È qui! Il rinascimento digitale del 21° secolo ha appena sfornato il suo ultimo debuttante e il suo ingresso sciccoso e sensazionale ha mandato il mondo in un’isteria intimorita. Ora sashaying senza sforzo nella disciplina dell’architettura, scintillante con la promessa di essere immacolata, rivoluzionaria e invincibile: ChatGPT. L’ultimo chatbot di OpenAI è stato accolto con un’accoglienza frenetica che sembra fin troppo familiare, quasi una sorta di déjà vu. Il motivo è questo: ogni volta che un’innovazione tecnologica fa capolino oltre l’orizzonte dell’architettura, viene immediatamente messa sotto un riflettore accecante e pubblicizzata come la “prossima grande novità”. Ancor prima che sia stata compresa, assorbita o ratificata, l’idea ha già raccolto un’orda di coloro che la garantiscono e un’orda ancora più grande di coloro che non lo fanno. Oggi, mentre tutti si allacciano per essere trascinati nel diluvio di una nuova svolta, rivolgiamo uno sguardo introspettivo, disimballando dove la tecnologia ci ha portato e cos’altro c’è in serbo.

La tendenza della pratica architettonica a rendere glamour i momenti di gloria tecnologica potrebbe essere stata fondata nei primi successi di CAD e BIM in un momento in cui il disegno manuale era la norma. Curiosamente, non tutti questi momenti si sono tradotti nello sconvolgimento che avrebbe dovuto essere. Ricordiamo, fin troppo bene, che nei nostri primi giorni nella professione, la stampa 3D era l’ultima terra promessa, lasciando le persone sulle spine con le sue indicazioni di produzione rapida, efficienza dei costi e riduzione al minimo degli sprechi. Eppure questa visione elevata non è mai stata pienamente realizzata e l’innocua tecnologia fatica a vedere un adattamento su larga scala oggi.

Nonostante esperienze così deludenti, gli architetti continuano ad essere affascinati, e persino timorosi, della direzione verso la quale stiamo virando. In effetti, nel 21° secolo, per ogni architetto con gli occhi stellati che si adula su tutto ciò che riguarda la scienza, c’è una controparte altrettanto pietrificata che si rannicchia sotto il leviatano che è la tecnologia emergente.

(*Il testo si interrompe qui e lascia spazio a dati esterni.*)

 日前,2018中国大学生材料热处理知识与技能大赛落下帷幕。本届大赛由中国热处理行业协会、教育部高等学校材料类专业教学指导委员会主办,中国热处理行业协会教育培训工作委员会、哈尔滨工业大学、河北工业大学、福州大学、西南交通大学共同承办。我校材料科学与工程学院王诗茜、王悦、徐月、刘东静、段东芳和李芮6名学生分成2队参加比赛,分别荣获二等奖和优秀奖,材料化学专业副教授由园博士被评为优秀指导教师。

Tuttavia, prima di gettare la spugna sull’architettura, chiediamoci innanzitutto questo: cosa serve perché un’innovazione abbia successo?

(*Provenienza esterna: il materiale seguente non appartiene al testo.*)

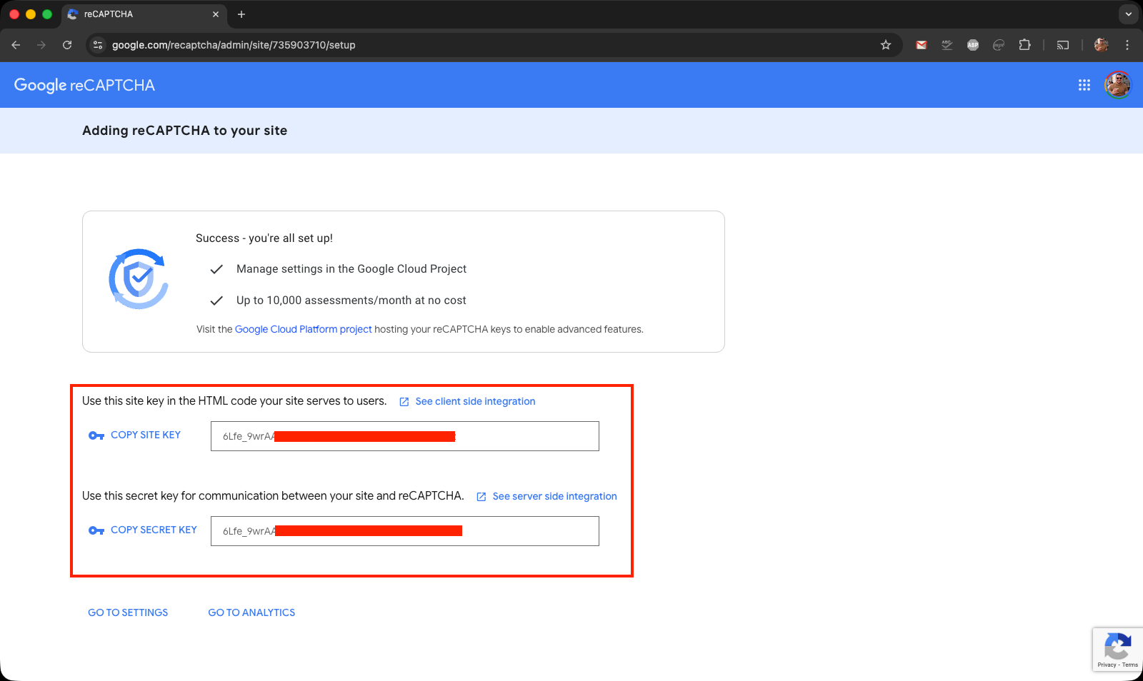 Be sure to use the correct key for the reCAPTCHA type you selected.

Invariabilmente, come qualsiasi altro bene prodotto in serie, l’innovazione deve essere accessibile e adattabile, supportata da un livello proporzionato di abilità, hardware e altre risorse. La tecnologia dell’architettura, in particolare, deve avere l’aspetto aggiuntivo dell’utilità, o la conoscenza di dove si inserisce nella macchina del processo di progettazione. Se diventa un ingranaggio integrale e indispensabile nella macchina, sarà inevitabilmente sostenuto, come lo sono stati AutoCAD, BIM e il design generativo. Ma se non può dimostrarsi assolutamente fondamentale per il processo e rimane opzionale o supplementare, come la stampa 3D, la realtà virtuale e la realtà aumentata, è meno probabile che prosperi.

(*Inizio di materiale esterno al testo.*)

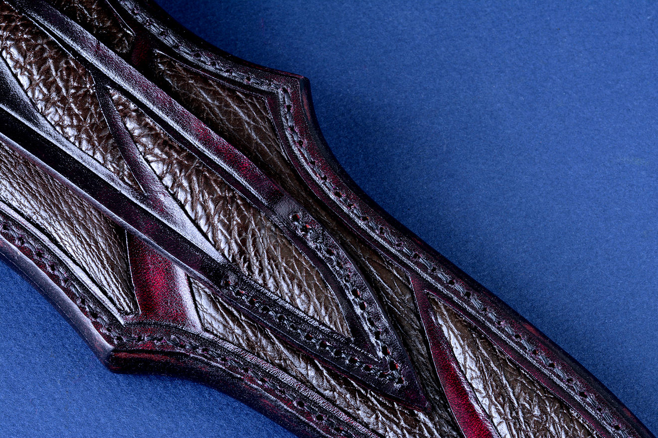 9-10 oz. leather shoulder for inlays of cocoa brown sharkskin. I
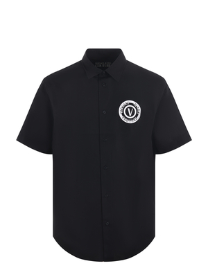 Camicia Versace Jeans Couture in popeline di cotone Nero. Logo frontale. Colletto classico. Chiusura con bottoni. Manica corta. Regular fit. Misura in foto 46100% cotone
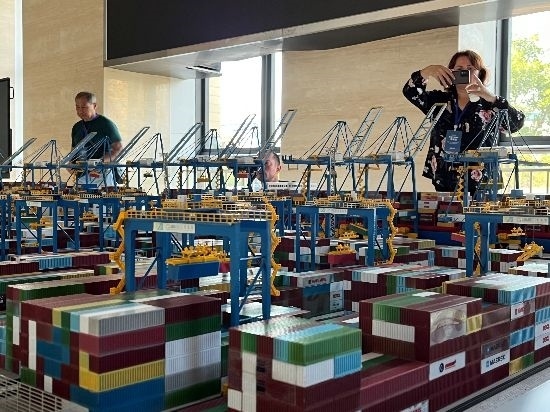 考察團(tuán)成員拍照記錄青島港全自動(dòng)化碼頭布局
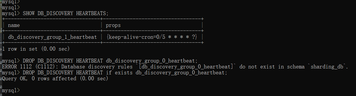 For #15662 , Add `IF EXISTS` keyword to `DROP DB_DISCOVERY HEARBEAT`.  -- This is an automated message from the Apache Git Service. To respond to the message, please log on to GitHub and use the URL above to go to the specific comment. To unsubscribe, e-mail: [email protected] For queries about this service, please contact Infrastructure at: [email protected]

Discernere la portata di ogni innovazione tecnologica è un’agenzia del suo utente. Ogni nuovo strumento opera all’interno di un dominio specifico, delineato dalle sue funzioni, per produrre un risultato specifico. Ad esempio, l’esplorazione dei moduli con strumenti di modellazione avanzati non sarebbe la stessa dell’esplorazione dei moduli con strumenti più elementari. Alla fine è la decisione dell’architetto ad accertare il percorso per ottenere il risultato desiderato. Allo stesso modo, amplificare o diminuire il ruolo di un determinato passaggio nel flusso di lavoro può anche definire l’ambito di una determinata tecnologia. Ad esempio, presso l’ufficio londinese di Arup, VR/AR e sistemi correlati vengono utilizzati in modo significativo per arricchire il processo di progettazione.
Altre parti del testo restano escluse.